We may justify ourselves in our own minds, but in the eyes of the Lord? ‘All have sinned and come short of the glory of God.’ (Romans 3:23); ‘There is none that does good, no not one.’ (Psalm 53:3). Isaiah compares our righteousness with filthy rags in the sight of God (Isaiah 64:6).
And this is the point. When comparing ourselves with one another, we will always place ourselves in the best light. But this is irrelevant. It is the comparison with the holiness and glory of God that matters and here we fall short: badly. Yes, when we ask God to show us where we fall short, then He will hear us and show us and lead us into that place of laying aside the things that hold us back. And this can of course be costly. But it leads us away from setting our own standards of righteousness and towards accepting His, even and especially when we do not meet them.
But the gospel message of Jesus is very simple. Mark is especially succinct: Repent and believe the gospel. (Mark 1:15). The call is to recognise the shortcomings in our own lives and then respond in faith to Jesus’ call to set them aside and receive His life as He gives it. And not just once but daily. Certainly the first time is critical for this is where we first receive that sense of His forgiveness but it never stops there. It is an ongoing aspect of life. It becomes part of who we are and where we are going. And if the sin is repeated then the repentance must be repeated as well.

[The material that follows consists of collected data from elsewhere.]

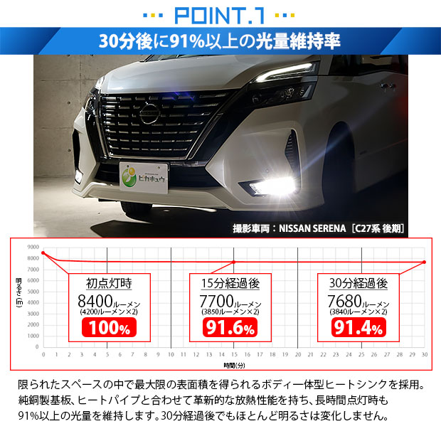 ※ルーメン値は、バルブ2個(車両一台分)の値を示しています。
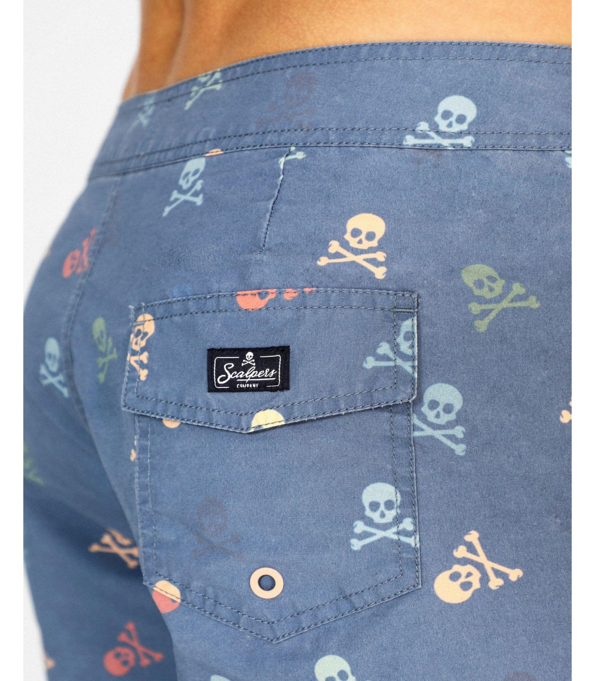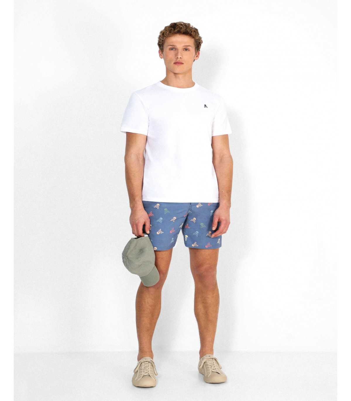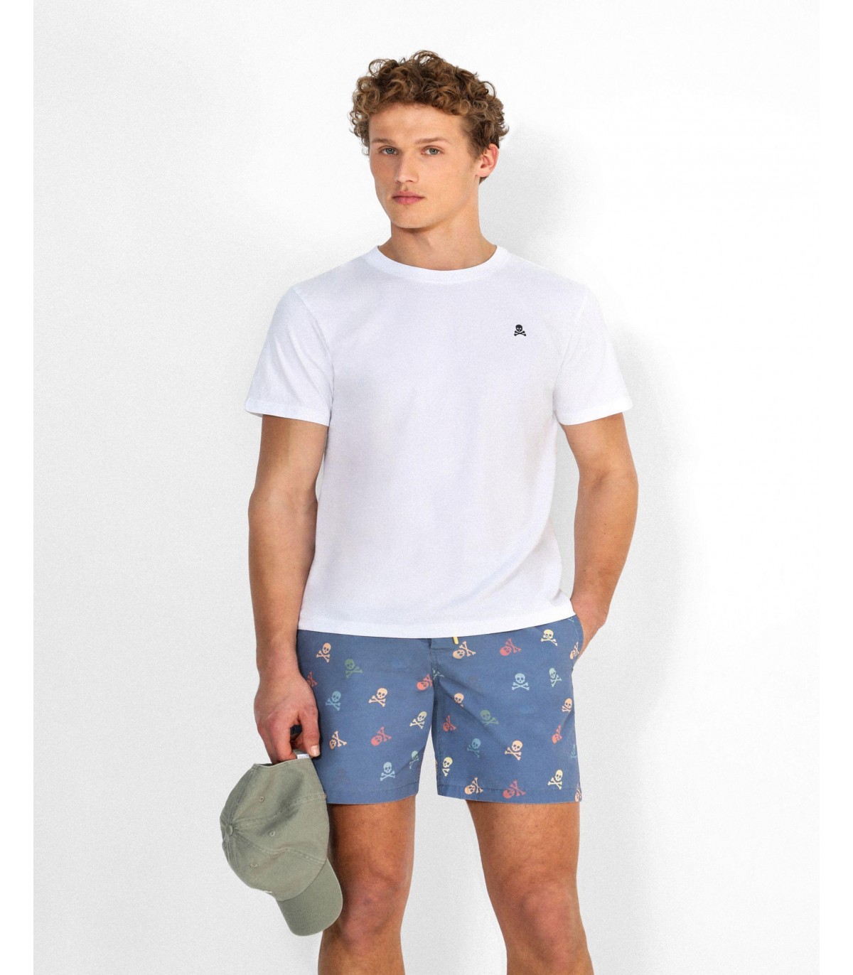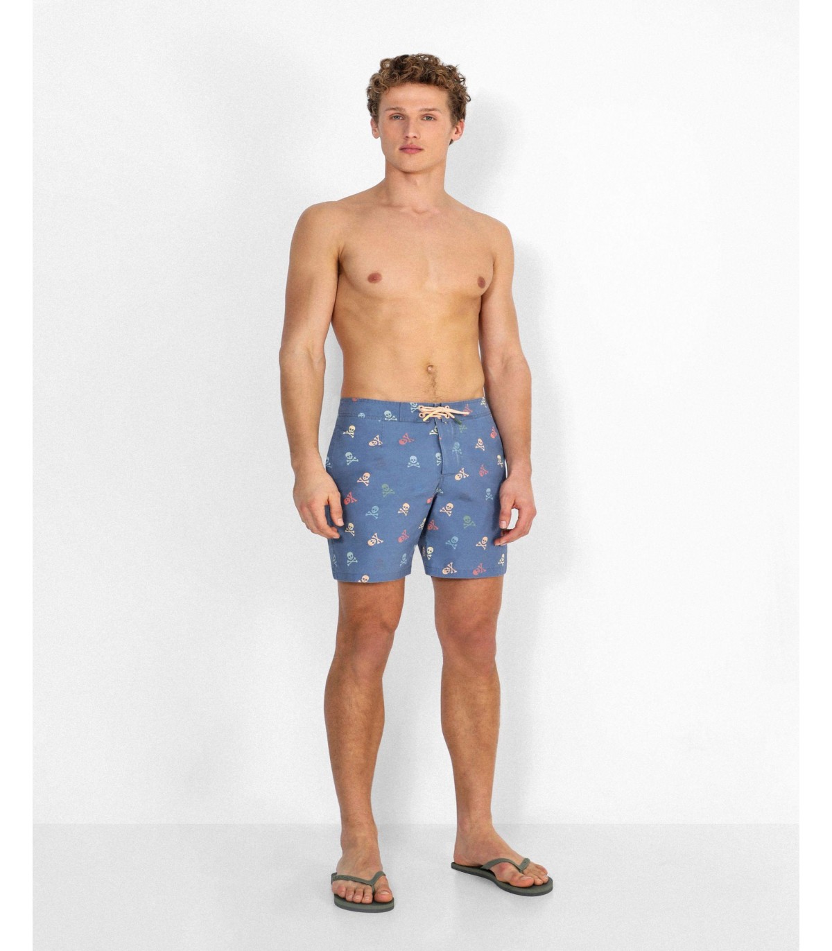 - Bañador confeccionado en tejido mezcla de algodón. Corte Regular Fit. Estampado de calaveras multicolor.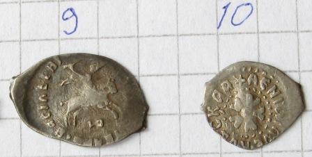 QUOTE(sagara @ Nov 12 2012, 15:44) Здравствуйте! Просьба определить и оценить монетки. №9 0,76гр. №10 0,4гр. Заранее благодарен. Новгородский Иван 3 и московский поздний Василий Темный. |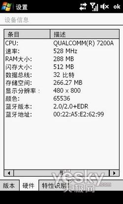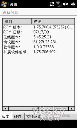 T5388使用的是Qualcomm MSM7200A的CPU,其频率仍为528MHz。内存配置方面则由原来256M的ROM和196M的RAM升级到512M和288M,在运行软件时速度的提升尤为明显。T5388提供对SDHC存储卡的支持,最高可以达到8GB。在数据传输方面T5388支持GSM/GPRS/EDGE 850/900/1800/1900 MHz、WCDMA 900/2100 MHz频段,支持HSUPA(最高2 Mbps)和HSDPA(最高7.2 Mbps )。可以算是为联通WO量身打造的一款新机。其他如蓝牙、GPS等硬件配置一应俱全。上面已经说到过多次,T5388采用的是Windows Mobile 6.1 Professional的系统,高级用户也可以自己升级到Windows Mobile 6.5。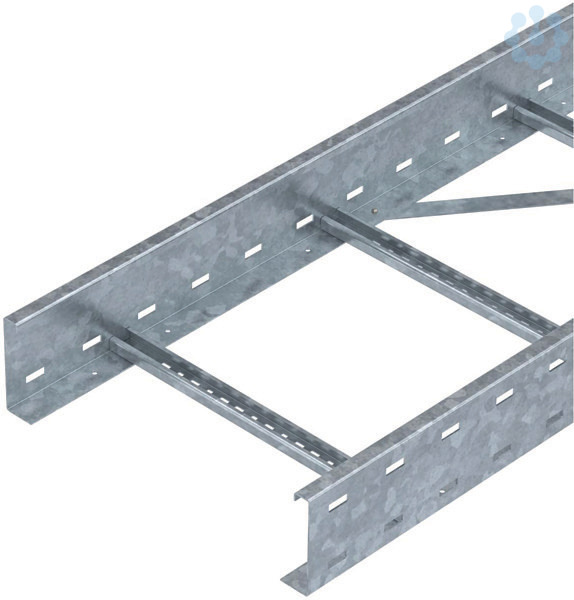 Weitspannkabelleiter für die Überbrückung von Stützabständen ab 3 m. Der Sprossenabstand beträgt 300 mm. Der Seitenholm ist durchgängig gelocht und zur Verstärkung und zum Kabelschutz oben abgekantet. Die Befestigung der Weitspannkabelleiter auf dem Ausleger erfolgt mit Klemmstücken Typ LKS 60/5.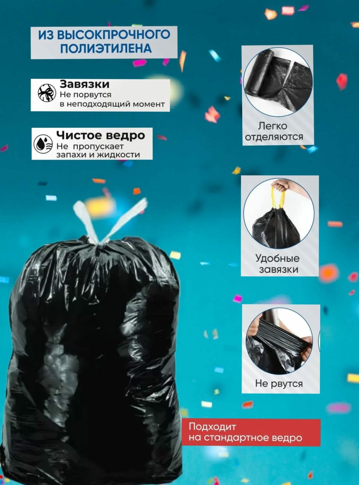 | Отзыв: | Оказались малы для мусорного контейнера на 50 литров. ))) |

This way, we also have some sympathy with the sinner. While in the public arena, the accusation is proof of guilt, and the trial is only a technicality before sentence is passed, in the sight of God since all have sinned then all are invited to repentance and all are welcomed into it when they do. More joy in heaven over one sinner who repents than over all the others who need no repentance.
Now we do not need to feel smug when someone is caught out in crime or other unacceptable lifestyle or words or actions. We do not need to enjoy that schadenfreude when another is found wanting. In fact that kind of delight begins to feel sour, even revolting. There is that sense of disgust when we find a thrill of satisfaction that another person has been found out.
Perhaps we might look again at the ‘Comfortable Words’ of the older liturgies – ‘Christ Jesus came into the world to save sinners’ and ‘If any man sin, we have an advocate with the Father, Jesus Christ the righteous: and He is the propitiation for our sins.’
I know that Ash Wednesday is on 5 March, but writing this before the electoral meeting for a new bishop, this is also for us a new point of departure.
Every blessing,
Sydney Maitland.
Then shall the Presbyter also say,
Hear what comfortable words our. Saviour Christ saith unto all that truly turn to him.
COME unto me all ye that labour and are heavy laden, and I will give you rest. St. Matthew 11. 28.
God so loved the world, that he gave his only-begotten Son, that whosoever believeth in him should not perish, but have everlasting life. St. John 3. 16.
Hear also what Saint Paul saith.
This is a faithful saying, and worthy of all acceptation, that Christ Jesus came into the world to save sinners. 1 Timothy 1. 15.
Hear also what Saint John saith.
If any man sin, we have an Advocate with the Father, Jesus Christ the righteous: and he is the propitiation for our sins. 1 St. John 2. 1, 2.